Although the sampling basis of the two samples is comparable, the underlying populations from which the two samples are drawn differ in several respects. Figure 1 shows, for example, that there are major socio-demographic differences between the privately insured and the non-privately insured samples.
Aside from these known and identifiable differences, there is a high likelihood that there are other unobserved differences between the two groups that could affect service utilization in systematic ways. If unaccounted for, such differences could lead to biased estimators on other variables. An underlying assumption of multivariate modeling is that the effects of omitted (unobserved or unmeasured) variables are randomly distributed. If such effects are not randomly distributed, their exclusion from a model can lead to biased estimates of the coefficients of other included variables, including the key indicator variable -- insurance status.

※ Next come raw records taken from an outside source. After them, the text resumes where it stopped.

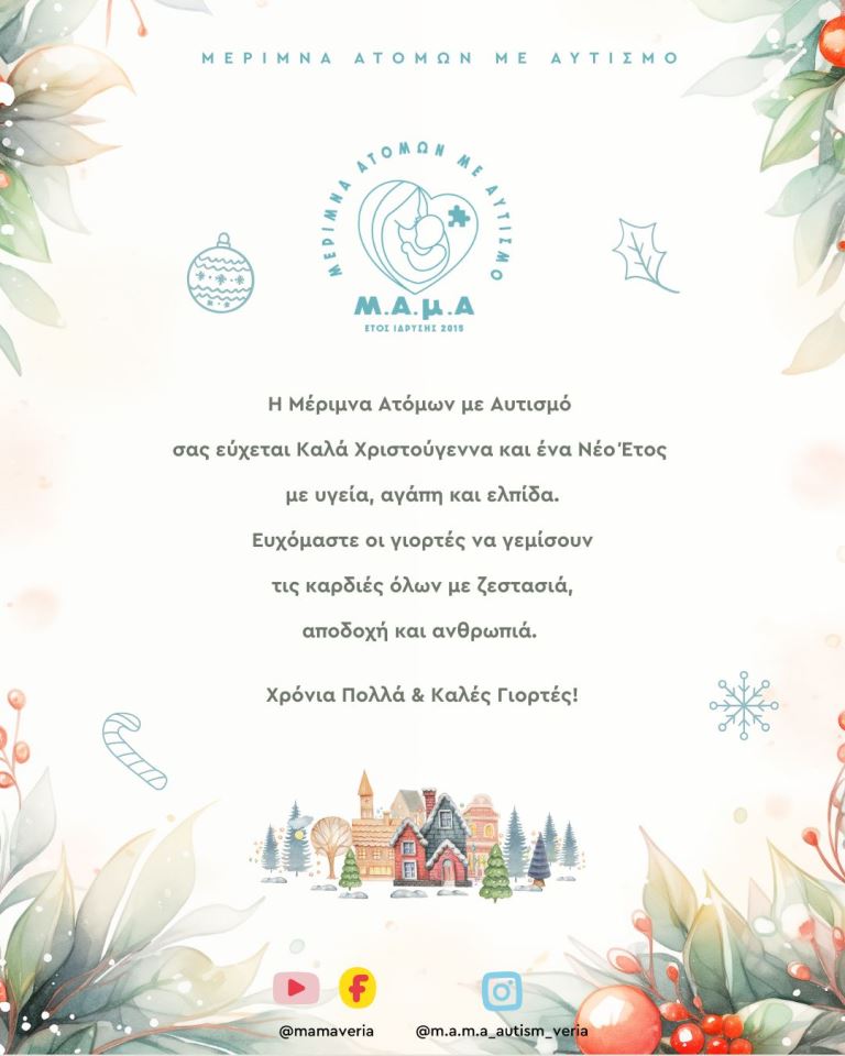 Ευχόμαστε οι γιορτές να γεμίσουν τις καρδιές όλων με ζεστασιά, αποδοχή και ανθρωπιά.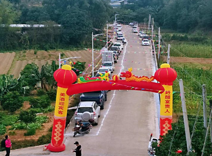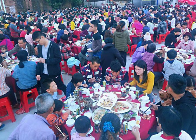 酒宴当天,整个村子都热闹非凡,酒桌上摆的是家乡特色菜和家乡的特色酒,一位村民站出来主持整个酒宴。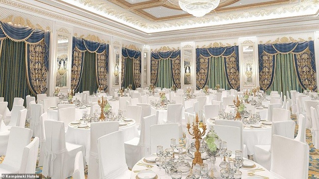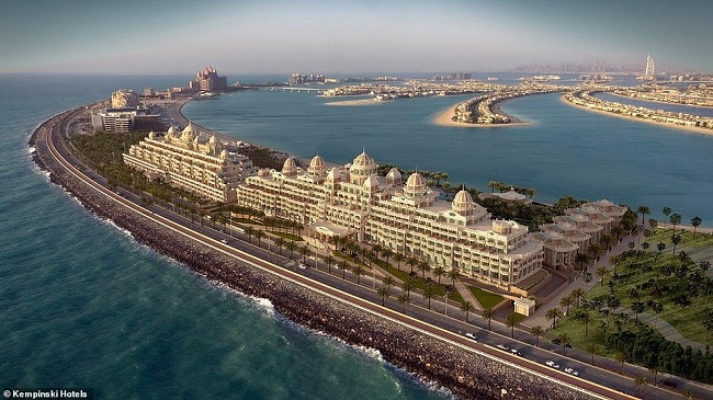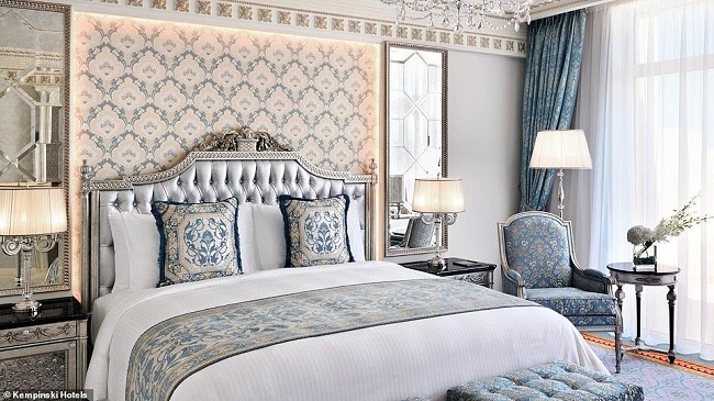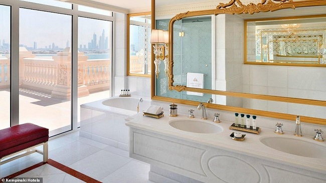 Khách sạn ở Dubai được biết đến là sang trọng và hào nhoáng bậc nhất trên thế giới. Vì vậy, không có gì ngạc nhiên khi The Emerald Palace Kempinski với chi phí xây dựng 700 triệu USD sở hữu trần nhà dát vàng 24 karat, hơn 6.400 đèn chùm pha lê. Và tất nhiên, các phòng của khách sạn rất đắt đỏ với mức giá cao nhất hơn 160 triệu VND.

To address this problem in subsequent analyses, where appropriate, we will employ sample selection models. These models allow one to control for the effect of unobserved variables related to having an insurance policy. Put another way, these models allow us to isolate the effects of "who purchases insurance" from the effect of "who has insurance". This enables us to isolate the "insurance purchase bias" from the "insurance effect" (See Appendix 1 for more detail).
|FIGURE 1: Differences in Socio-Demographic Characteristics of Disabled Elders by Insurance Status|
|SOURCE: 1999 Insured Panel (n=583). For income, n=483. 1994 NLTCS data (n=1357). For education variable, n=1276.
NOTE: Differences are significant at the .05 level.